Opioid use in pregnancy has prompted new guidance from the American Academy of Pediatrics aimed at improving care for women and for newborns affected by their mothers’ drug use.

The number of affected women and infants has increased in recent years but they often don’t get effective treatment, and the coronavirus pandemic may be worsening that problem, said Dr. Stephen Patrick, lead author of the academy report released Monday.

“While we have been talking about the opioid crisis for years, pregnant women and their newborns seldom make it to the top of the heap. Infants are receiving variable care and not getting connected to services,” said Patrick, a Vanderbilt University pediatrician.

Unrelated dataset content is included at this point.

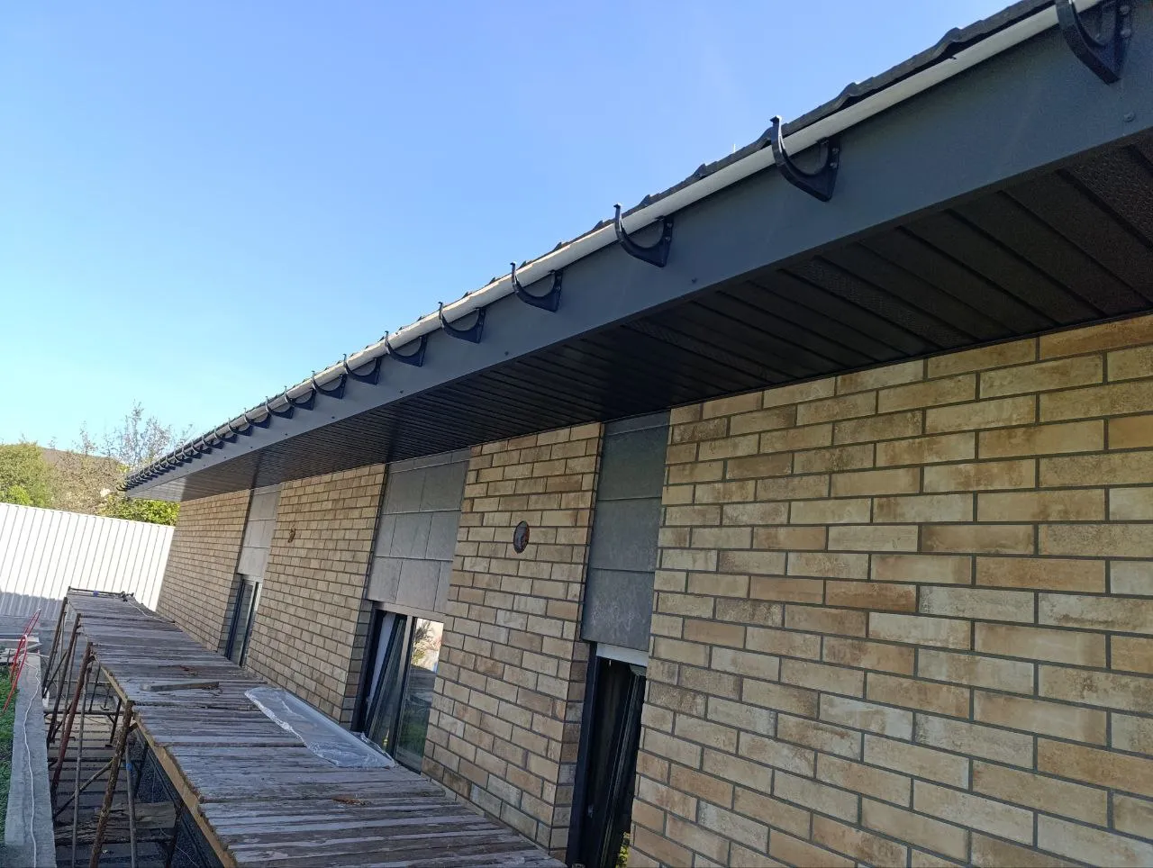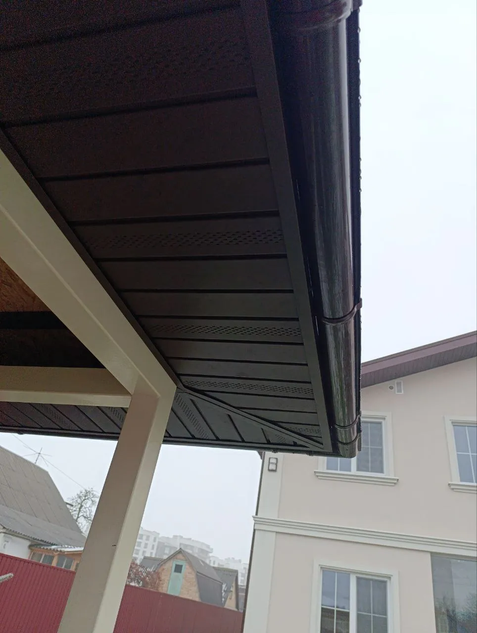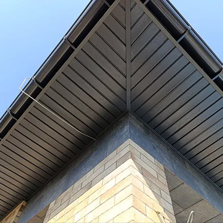 Встановлюємо водостоки, які ефективно відводять дощову воду. Робимо естетичну та надійну підшивку звісів для завершеного вигляду покрівлі. -

The academy’s report says pregnant women should have access to opioid medication to treat opioid misuse. Two opioids, buprenorphine and methadone, are effective treatments but pregnant women often face stigma in using them and doctors who prescribe them are scarce.

The academy says hospitals should have written protocols for assessing and treating opioid-affected newborns. Many don’t and practices vary widely.

Breastfeeding and other practices that promote bonding should be encouraged, and parent education and referral to services for affected newborns should be provided, the academy says. Its recommendations echo guidance from other medical groups and the U.S. government.

“This is a substantial public health problem that is still lacking solutions,” Patrick said.

According to the federal Centers for Disease Control and Prevention, 7% of U.S. women reported in 2019 that they had used prescription opioids during pregnancy. One-in-five of those women reported misusing the drugs while pregnant.

Some infants born to these women develop symptoms of opioid withdrawal, including tremors, fussiness and diarrhea.

By some U.S. estimates, nearly 80 affected infants are diagnosed every day and the numbers have tripled in recent years.

Patrick has done research suggesting that these infants may be at risk for developmental delays but says it’s possible those findings reflect use of alcohol or other drugs during pregnancy, poor prenatal care or stress.

“Getting into treatment may be getting even harder” because of the pandemic, he said. “There’s so much going on in the world that that issues involving opioid use are flying under the radar.”